Wiceprezydent Słupska Marek Biernacki podkreśla, że ostateczna decyzja, w sprawie przesadzenia drzew, jeszcze nie zapadła, ale miejsca dla samochodów, wyładowujących towar dla sklepów, muszą powstać na alei Wojska Polskiego.
– W strefie zamieszkania muszą być wyznaczone miejsca parkingowe. Niestety teraz jest tak, że dostawcze samochody rozjeżdżają nam deptak. Chcemy tego uniknąć i stąd potrzeba wyznaczenia kilku miejsc na całej długości Wojska Polskiego. Rozważamy przesadzenie drzew. Oczywiście wybierzemy te w najgorszej kondycji, bo rzeczywiście nie ma gwarancji stuprocentowej, że się w nowym miejscu przyjmą – dodaje wiceprezydent Biernacki.
Fot.
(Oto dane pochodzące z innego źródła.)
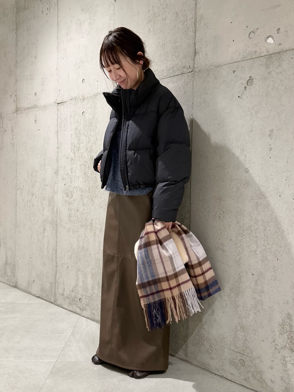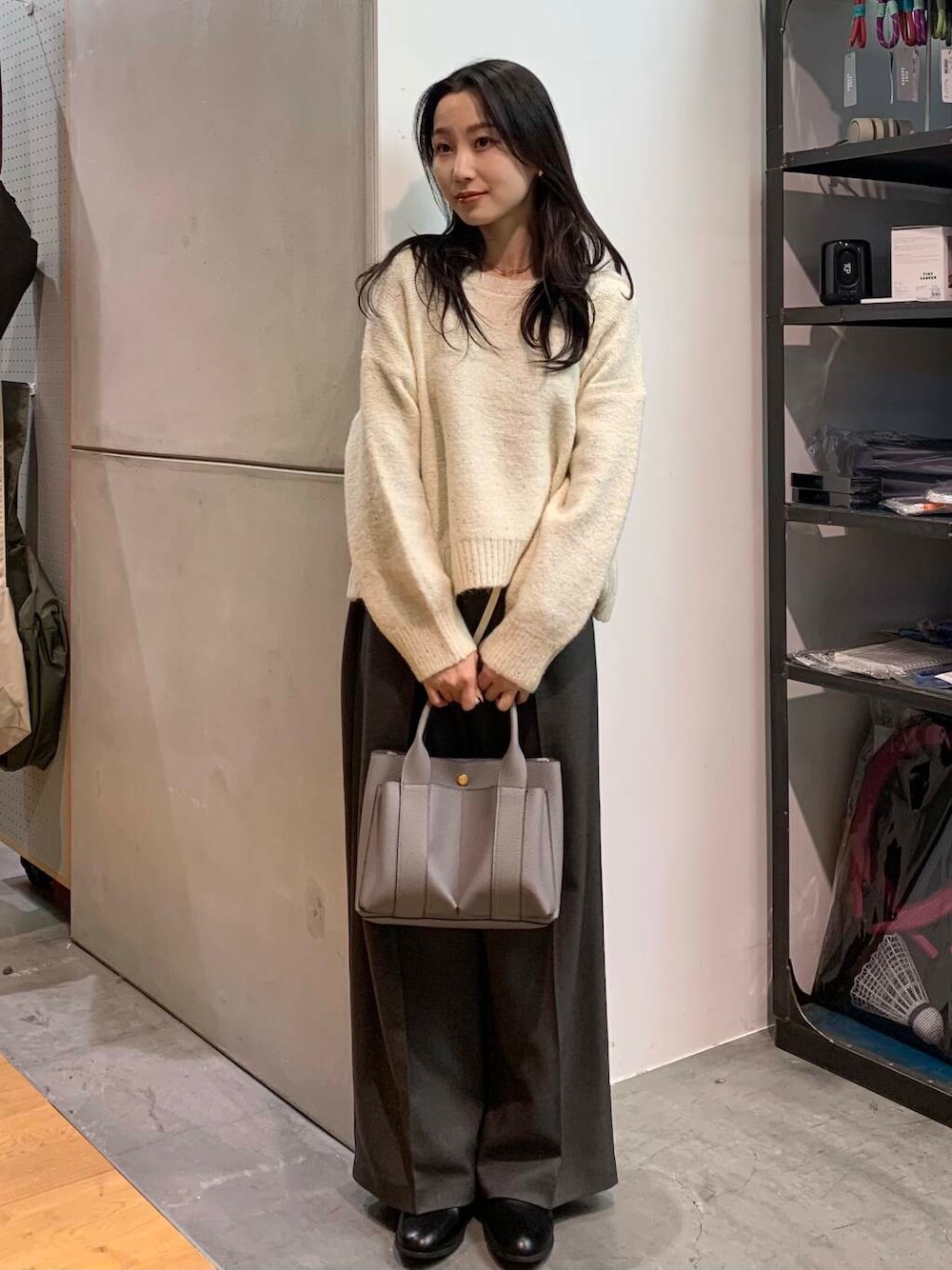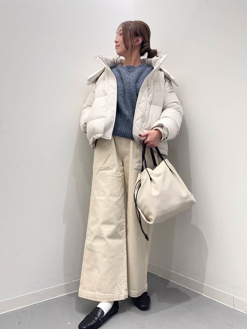 着丈は短めに設定しているので様々なボトムスと好相性◎存在感のあるトップスなので、デニムなどシンプルなアイテムと合わせるのがおすすめ。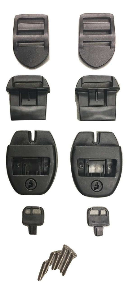 Kit Includes 2 Keys, 2 Male sides with Lock, 2 Female sides with Center Release, 6 Stainless Steel Screws, 2 Super-locks for Strap Adjustment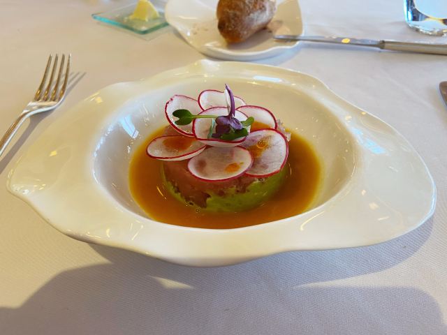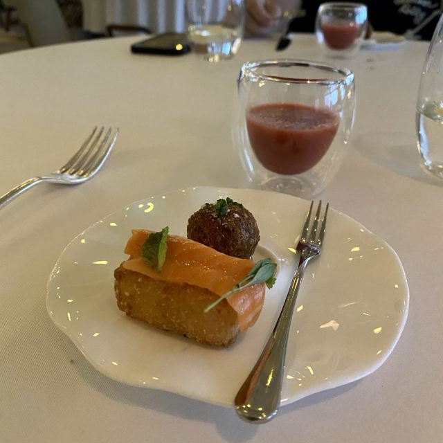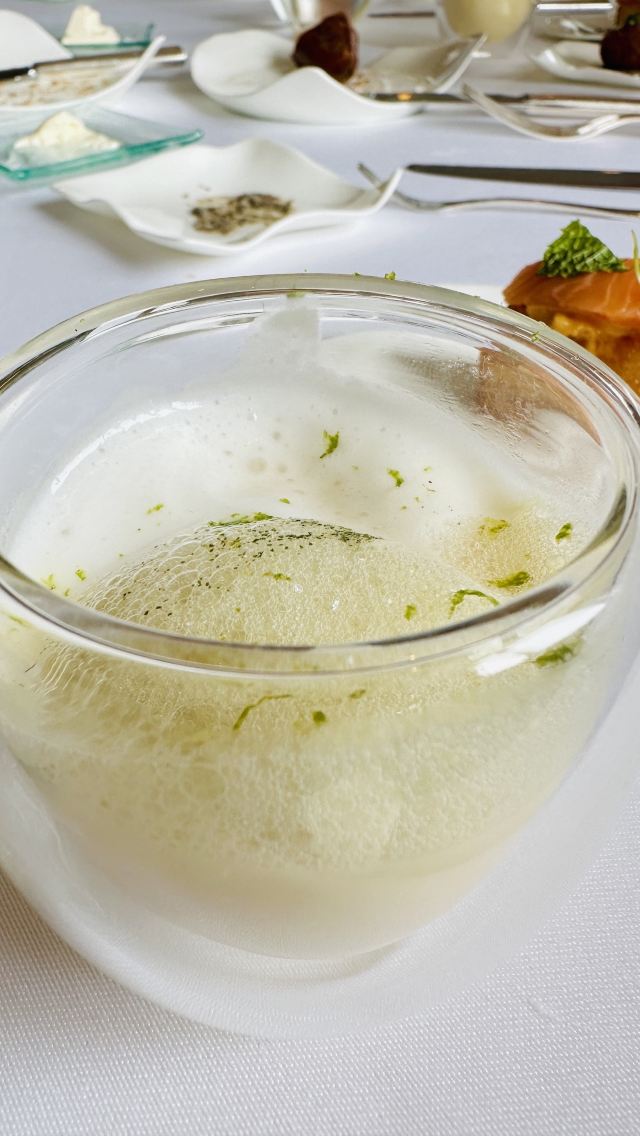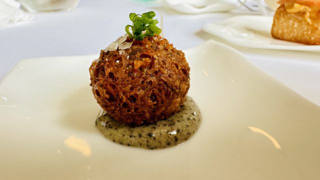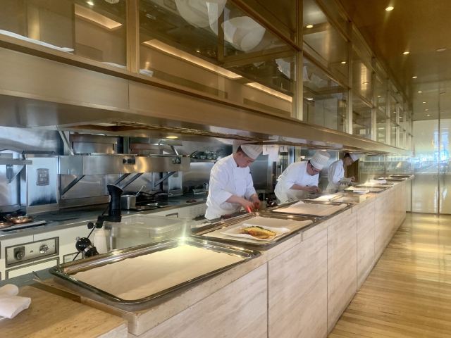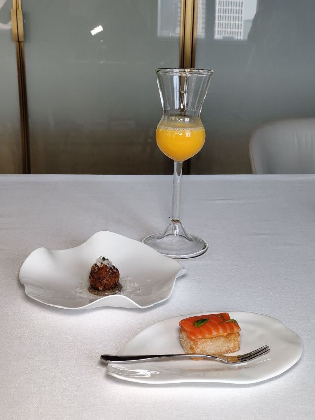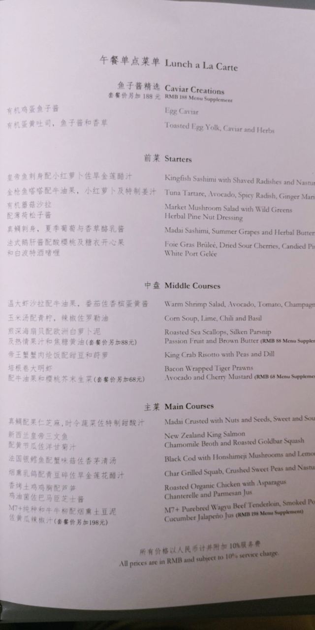 炙烤和牛牛柳,黑松露三文鱼,鸡蛋鱼子酱,炙烤冰岛比目鱼,龙虾松露Benedict,巧克力熔岩蛋糕,鹅肝,绿芦笋配羊肚菌、芦笋汁,黑麦葡萄核桃面包,南极银鳕鱼,红鲷鱼,甜青豆浓汤,皇帝鱼刺身,法式芝士蛋糕,鹅肝配酸樱桃,黑松露芝士球,三文鱼脆米寿司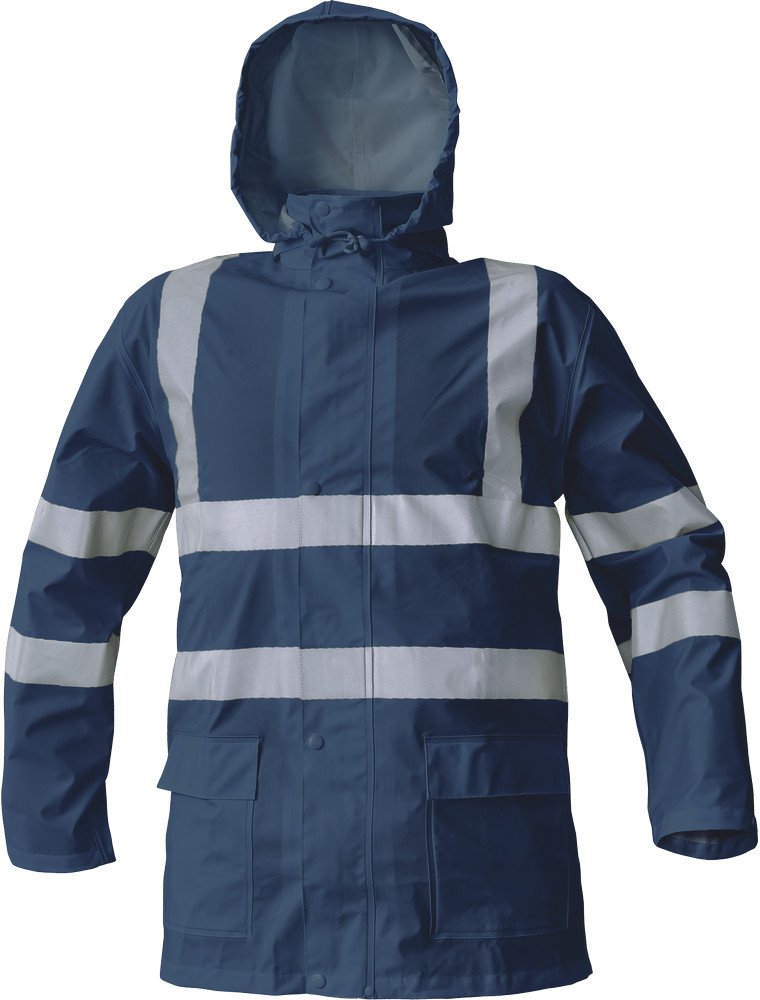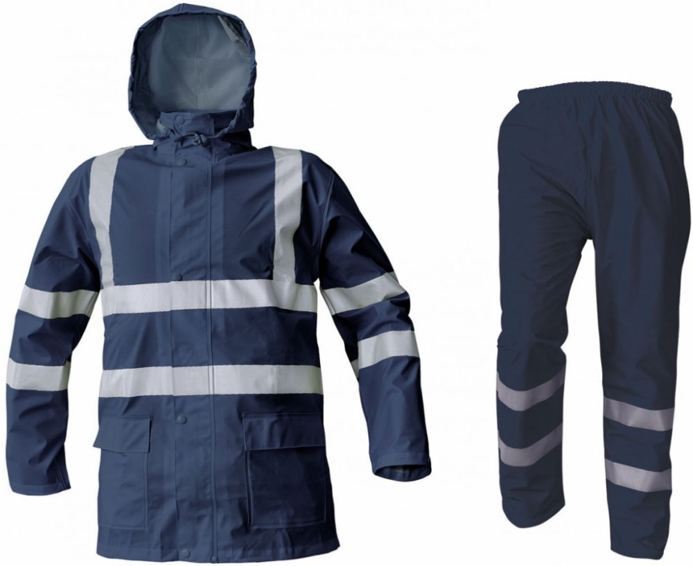 • nepromokavý a větruodolný komplet bundy a kalhot • ¾ plášť s kapucí v límci • kalhoty s gumou v pase • reflexní pruhy bundy po obvodu pasu, boků, rukávů a přes ramena • reflexní pruhy kalhot po obvodu spodních nohavic • dvě přední kapsy bundy kryté légami • spodní lem rukávů lze upravit drukem • HI-VIS provedení pouze ve žluté a oranžové barvě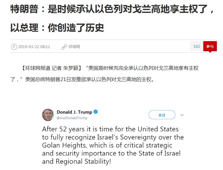 但是!美国承认以色列对戈兰高地主权却是坏了一个大规矩!因为这是公开宣告《非战公约》失效,等于承认日本发动九一八事变,侵略东北有理!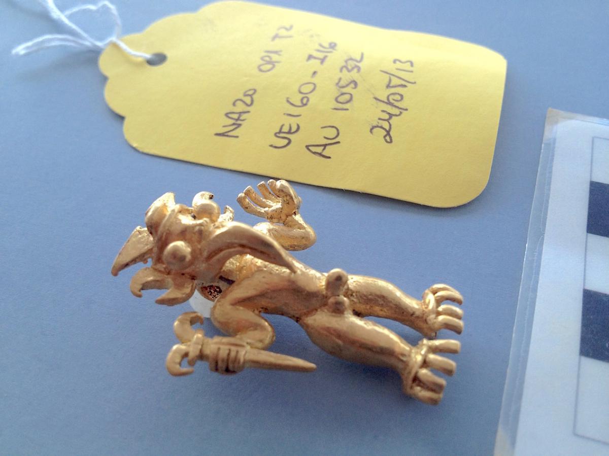 Commentary:  An oblique zenithal view of the cast gold figurative pendant AU10532 representing a naked man in a trance, dressed in a headdress and bird mask. 3.9 x 3 cm. Conte style.
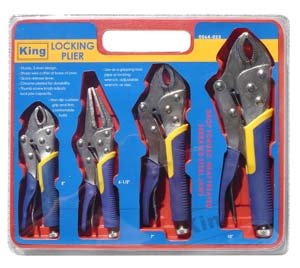 0064-0 14 pc Locking Plier Set: Sturdy 5-rivet design, sharp wire cutter at base of jaws, Nickel plated for durability, Thumb screw knob adjusts lock jaw capacity, non slip cushion grip and firm, comfortable hold. Size: 5, 6.5, 7, 10" qty/lbs : 06/35 |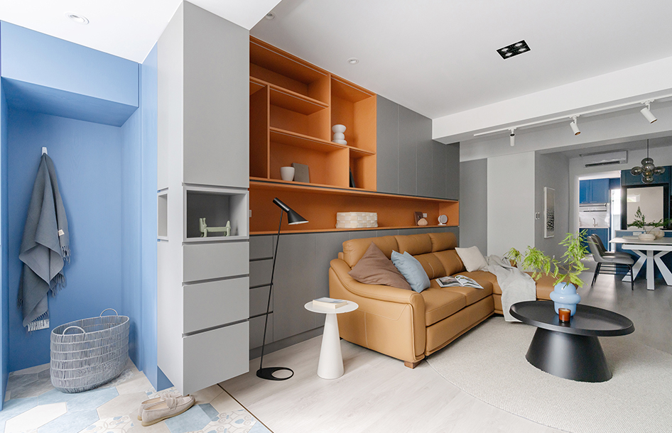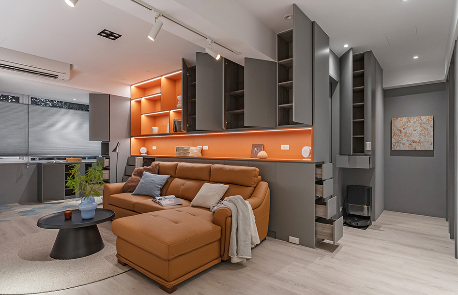 客廳、愛馬仕橘展示櫃打亮空間,

Radio Gdańsk/Przemysław Woś
„NIE PRZESADZA SIĘ STARYCH DRZEW”
Miejski radny Jerzy Mazurek uważa, że pomysł jest niepotrzebny i szkodliwy.
– W mieście co jakiś czas pojawiają się złe lub szkodliwe pomysły drogowe. Chciałbym, żeby rządzący miastem skupili się na modernizacji dróg. Przesadzanie drzew, to bardzo kosztowny proces, poza tym, nie przesadza się starych drzew – tłumaczy.
Rewitalizacja alei Wojska Polskiego kosztowała prawie 50 milionów złotych. Rzeczywiście nawierzchnia skrzyżowań i deptaka nie wytrzymuje ciężaru przejeżdżających samochodów. Z kolei prowadzący na alei Wojska Polskiego punkty handlowe narzekają, że są przepędzani i karani przez Straż Miejską, który parkują w pobliżu swoich sklepów, by wyładować towar.